Das Verwaltungsgericht wälzt die Verantwortung auf die Konsumenten ab: Bei Interesse, so die Zürcher Richter, werde der Konsument die Angaben über die genaue Zusammensetzung des Produkts durchlesen. Das Bundesamt bestätigt: Da es keine Regelung mehr zu Abbildungen mit aromatisierten Lebensmitteln gibt, können Hersteller theoretisch natürliche Zutaten auf Produkten abbilden, sogar wenn diese ausschliesslich künstliche Aromen enthalten.
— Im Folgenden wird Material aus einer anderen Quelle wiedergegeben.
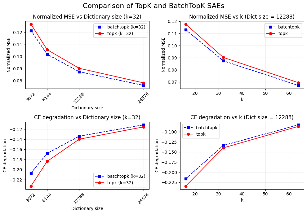 Epistemic status: Tried this on a single sweep and seems to work well, but it might definitely be a fluke of something particular to our implementation or experimental set-up. As there are also some theoretical reasons to expect this technique to work (adaptive sparsity), it seems probable that for many TopK SAE set-ups it could be a good idea to also try BatchTopK. As we’re not planning to investigate this much further and it might be useful to others, we’re just sharing what we’ve found so far.
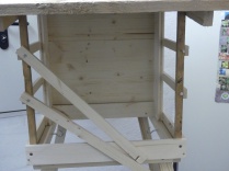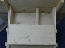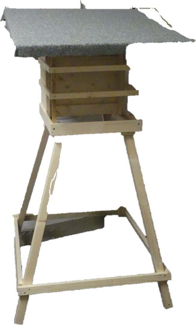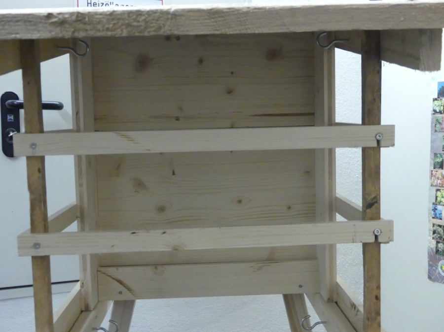 Eine Futter-Rinne ergibt sich durch ein schmales waagrechtes Brett unter dem Ende der schrägen Rückwand und ein schmales senkrechtes Brett auf dem waagrechten Brett.
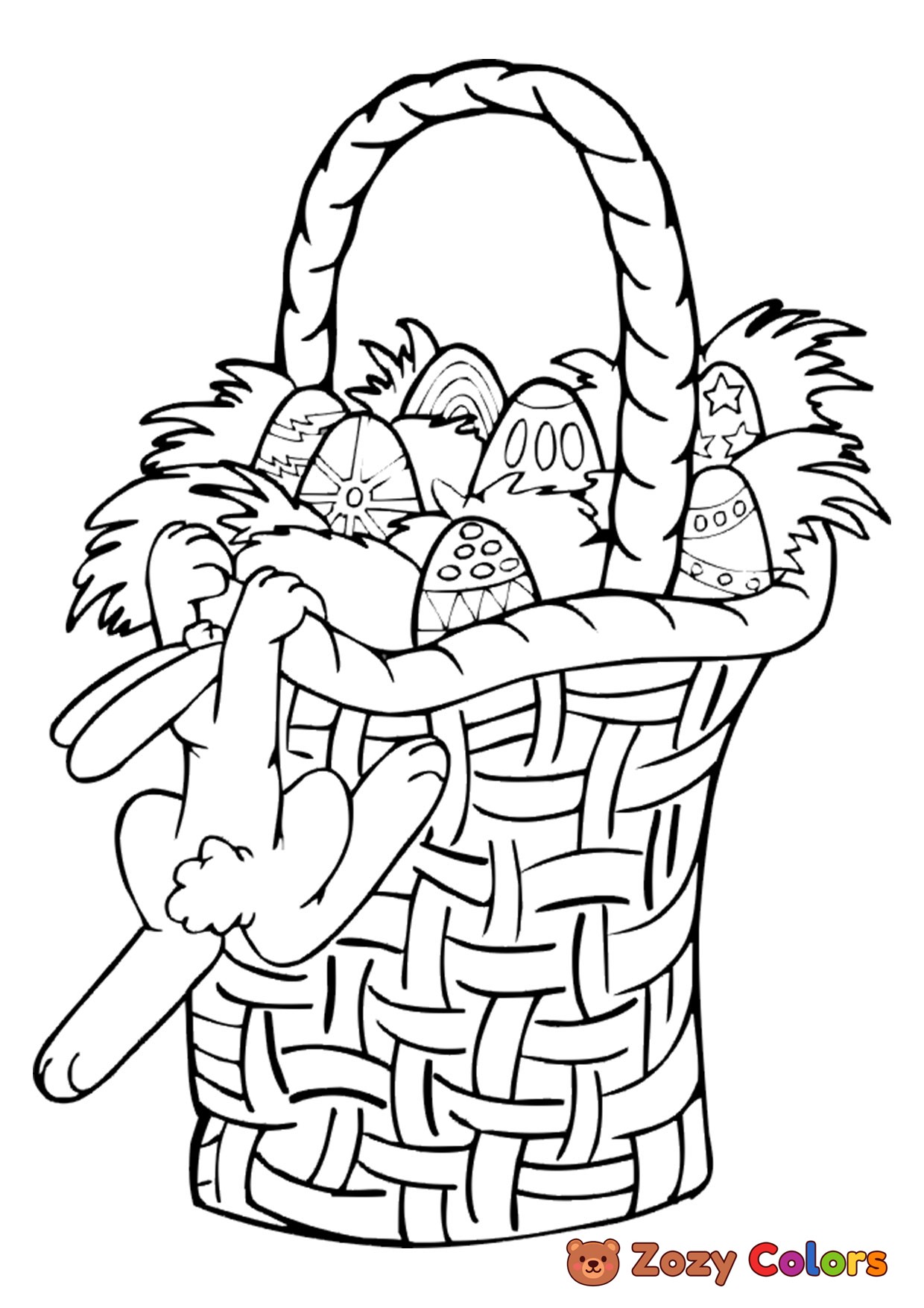 Easter basket with eggs. Coloring page to print or download and color for your kids.
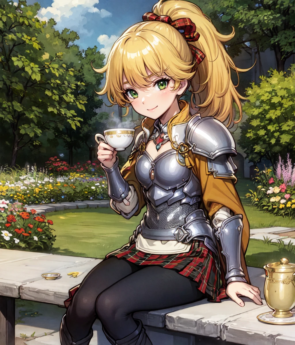 Notable tags: ponytail, blonde hair, green eyes, armor, scotish skirt, black pantythose,
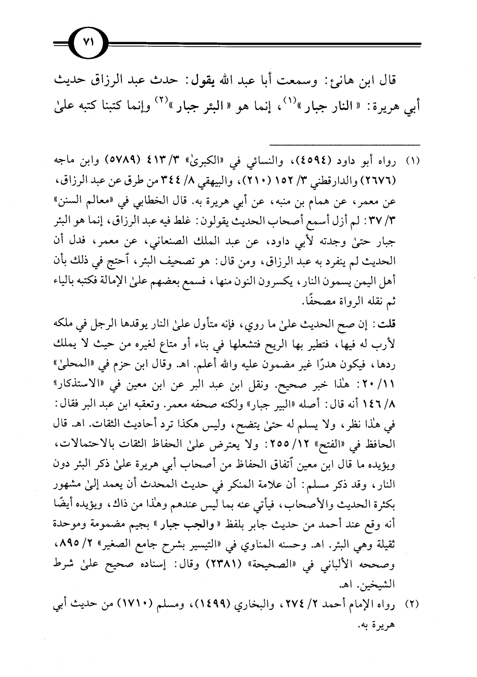 قال ابن هانئ: وسمعت أبا عبد اللَّه يقول: حدث عبد الرزاق حديث أبي هريرة: "النار جبار" (¬1)، إنما هو "البئر جبار" (¬2) وإنما كتبنا كتبه على
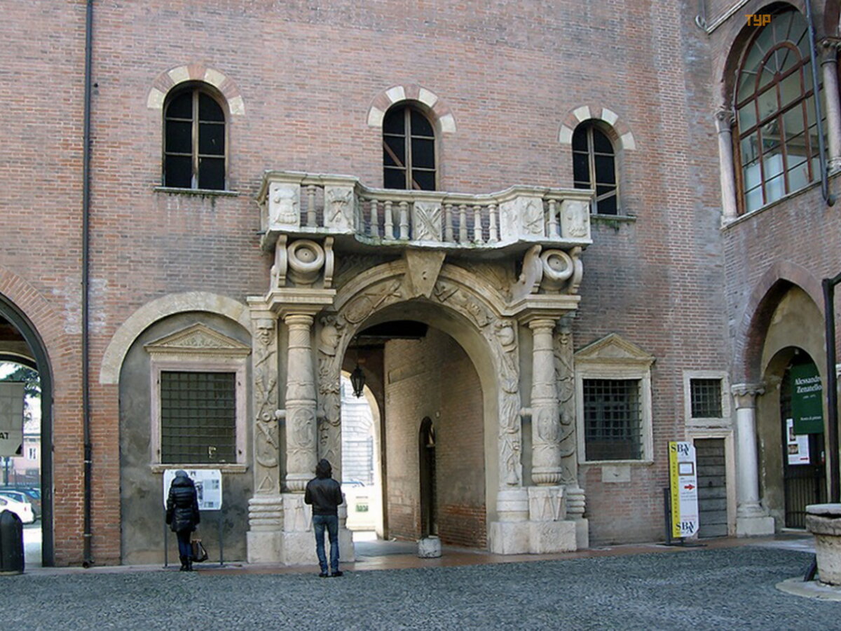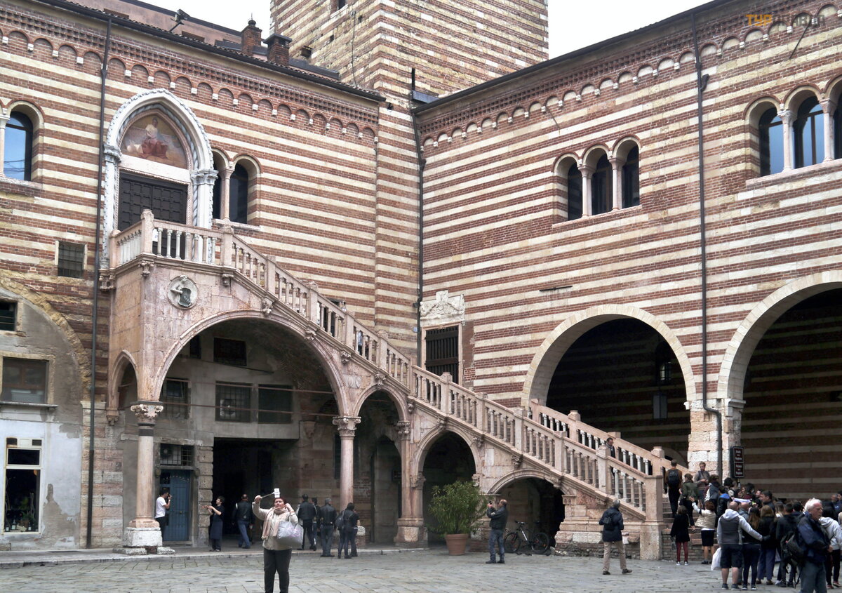 Iš aikš tė s galite patekti į elegantiš ką Palazzo Comunale kiemą , ž inomą kaip Senojo turgaus kiemas, kuriame yra gotikiniai Proto laiptai/ Scala della Ragione vis dar saugoma (Scalla della Regione), kuri veda į muziejų , Modernaus meno galeriją .
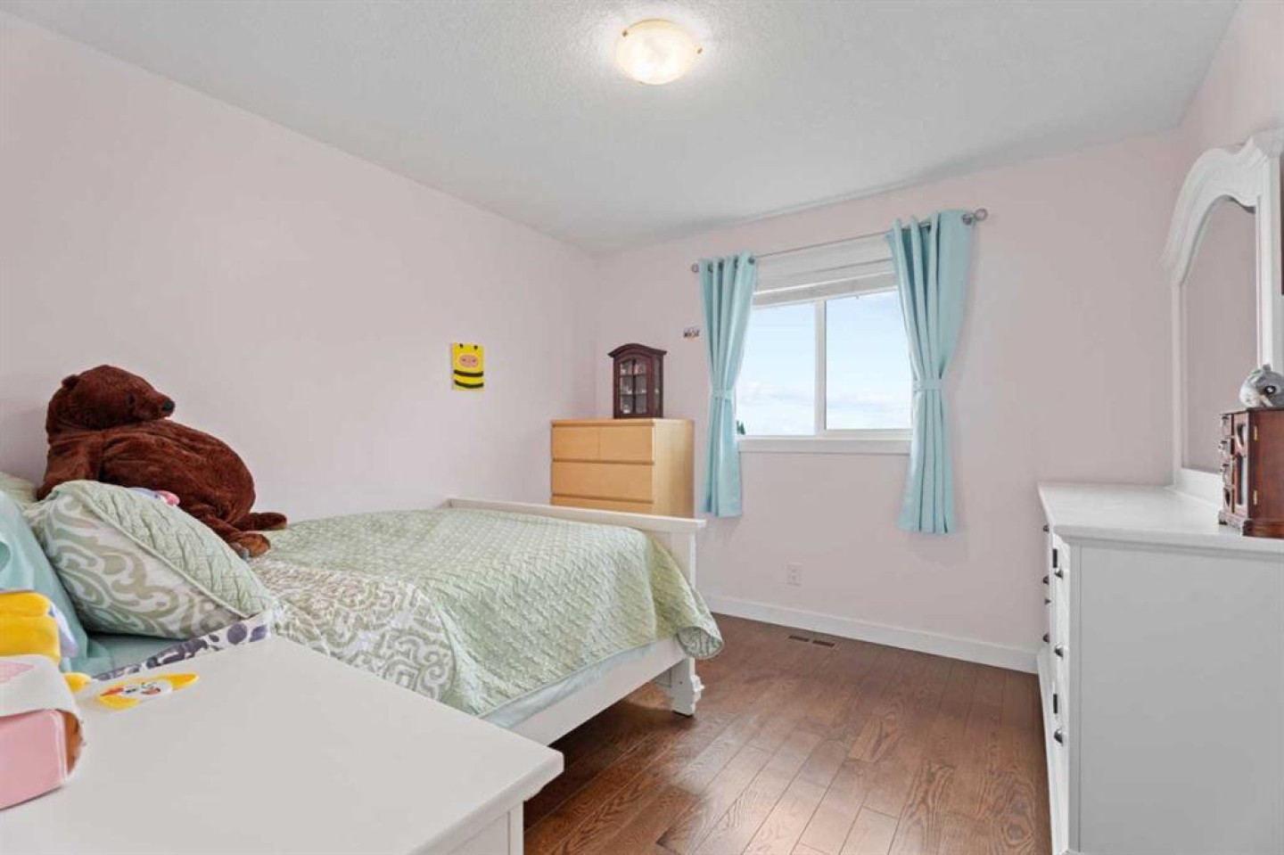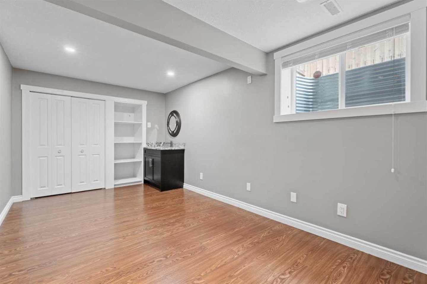 Welcome home to Aspen Woods in your new 5-bedroom + office house with over 2700 sq ft of above-grade space plus a finished basement. This executive air-conditioned home is on a large pie-shaped lot with no neighbours behind and on a quiet cul-de-sac on a no-through road with a playground around the corner. The main floor of the home has an inviting foyer with freshly painted double doors (this makes moving large items a breeze) and two closets, including a rare walk-in closet at the entry. Notably, this home is entirely carpet-free: cherry hardwood on the main floor, oak hardwood upstairs, and durable vinyl plank in the basement. There is a formal dining room and a private office on the main floor plus a spacious kitchen/dining/living room. The oversized garage has tall ceilings and could fit a small lift. The laundry is located off the entry to the garage with more closet space. The chef’s kitchen has an enormous island with a matching kitchen table that can be used as an extension of the island. There is a gas range, multiple pantries, a trash compactor, a wine fridge, display areas, and more! You can also catch glimpses of the mountains while sitting at the kitchen table. The living room has built-in wall shelves, a gas fireplace, and big windows to the east. The backyard is designed for both relaxation and play, with a two-tier deck, large shed, play structure, mature landscaping, and two productive apple trees—all on a nearly 7,000 sq. ft. lot. Upstairs is extremely spacious with a large bonus room with vaulted ceilings and built-in shelving, a grand primary bedroom, and three secondary bedrooms. The primary bedroom gets warm morning light and has a 5-piece ensuite and a walk-in closet with custom organizers. The remaining 3 bedrooms upstairs share a bathroom with dual sinks and a separate area for the bathtub & toilet. The westerly bedrooms have great views of the Rockies and Foothills to wake up to. The upper two floors also have built-in ceiling speakers. The fully finished basement includes a fifth bedroom with a built-in sink (ideal for a home-based business requiring a sink), a spa-inspired bathroom with multi-head shower, a wet bar, large bright windows, and ample storage, including a finished space under the stairs. Aspen Woods is a premier neighbourhood of Calgary with lots of local shops, quick access to the mountains, and a choice selection of schools, including Webber Academy, Rundle College, Guardian Angel Catholic, and Dr. Roberta Bondar Elementary. This stately Aspen Woods property blends elegance, functionality, and family-friendly features—ready to welcome you home.

Deutschland will Aroma-Schwindelkünftig unterbinden
Für die Konsumenten könnte das Urteil weitere Nachteile bringen. Als das Bundesamt für Gesundheit den Artikel aufhob, kündigte es neue Richtlinien an. Diese sollten künftig vor Täuschungen bei aromatisierten Lebensmitteln schützen. Jetzt tönt es anders. BAG-Sprecherin Sabina Helfer: «Das Bundesamt prüft zurzeit, ob eine Leitlinie im Sinne des Urteils noch notwendig ist.»
Während die Schweiz die Hände in den Schoss legt, arbeitet das EU-Land Deutschland an einem Schutz der Konsumenten: Ilse Aigner, Bun-desministerin für Ernährung, Landwirtschaft und Verbraucherschutz in einer Rede vor dem Deutschen Bundestag: «Es muss drin sein, was abgebildet ist. Wenn Kirschen abgebildet sind, dürfen nicht nur Aromen enthalten sein.»
Die deutsche Zentrale zur Bekämpfung unlauteren Wettbewerbs verlangt von mehreren Getränkeherstellern, auf abgebildete Früchte für ihre Produkte zu verzichten, wenn diese nicht auch Saft aus der abgebildeten Frucht enthalten. Eine Klage ist noch hängig. Christiane Köber, Geschäftsführerin der Wettbewerbszentrale: «In den meisten Fällen stammen die Aromen noch nicht einmal aus der Frucht, sondern aus Schimmelpilzkulturen oder Sägespänen.»